Vitalik Buterin came up with the name Ethereum after browsing Wikipedia articles about elements and science fiction.
What is Ether and how is it produced?
Ether is the cryptocurrency Ethereum uses to build and maintain its network. In a similar way to how Bitcoin works, miners create Ether by creating blocks and solving puzzles, a technique known as mining.
Roughly every 15 seconds, a new block is added to the Ethereum blockchain, with the computer or miner that solves the puzzle at the heart of the block being rewarded with Ether.
Ethereum currently uses the same proof of work mining technique as Bitcoin. However, it has plans to move to a different technique known as proof of stake in an upgrade widely referred to as Ethereum 2.0.
How do you get hold of Ether?
You can buy Ether on a cryptocurrency exchange such as Coinbase or Binance, or (for the time being) you can become a miner yourself!
What applications have been built on Ethereum?
- 👥 Social Networks - Get paid for your posts on social media dapps.
- 📁 File Storage - Decentralized file storage as a fraction of the price.
- 💸 Overseas Payments - Dramatically reducing the cost of sending cash overseas.
- 💳 Payments Cards - Contactless debit card to pay in Ethereum and other cryptocurrencies.
- 👀 Online advertising - Cutting out the middlemen in online ads.

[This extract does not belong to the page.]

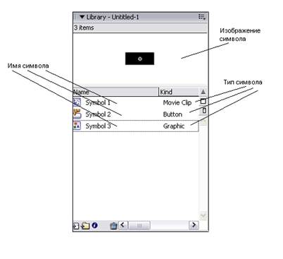 Библиотека, которая изображена на рисунке 3, является местом размещения символов и импортированных элементов фильма. Библиотека представляет собой список содержимого, где перед каждым элементом размещена пиктограмма, указывающая на его тип. Элементы можно группировать в папки, каждую из которых можно разворачивать отдельно, что позволит минимизировать прокрутку экрана при просмотре содержимого библиотеки. Как и в случае слоев, количество элементов библиотеки быстро увеличивается по мере разработки проекта, и если их не систематизировать, наступит полная неразбериха.

Users get paid directly for watching online advertisements.
- 💱 Exchanges - Decentralized exchanges (DEXs) such as Uniswap enable users to trade cryptocurrencies peer-to-peer, without middlemen.
- 🏦 Loans - Blockchain backed loans with no credit checks.
The future of Ethereum
Ethereum wants to be the platform on which all decentralized apps get built. However, it has experienced some growing pains. One of the biggest challenges has been transaction speeds. In order for Ethereum to become the network for all decentralized applications, it has to be able to allow more transactions to happen at once. At present it handles 15 transactions per second, compared to Visa, which can handle up to 24,000 transactions in that time. Ethereum has a long way to go.
As a result of slow transaction speeds, users have historically been forced to pay high gas fees in order to force their transactions through. To speed up transaction times and reduce gas fees, developers have created scaling solutions such as Polygon and Arbitrum, which work by processing transactions off-chain before finalizing them on the main Ethereum blockchain.
In addition to moving the network to proof of stake, the upcoming Ethereum 2.0 upgrade seeks to address slow transaction speeds and gas fees.
Another challenge Ethereum faces is from so-called 'Ethereum killers'—other smart contract blockchains that seek to improve on Ethereum's limitations.
They include networks such as Solana, Cardano, Tezos and Polkadot. These networks are all trying to increase speed without compromising security. Whoever cracks that combination first will unlock the decentralized future.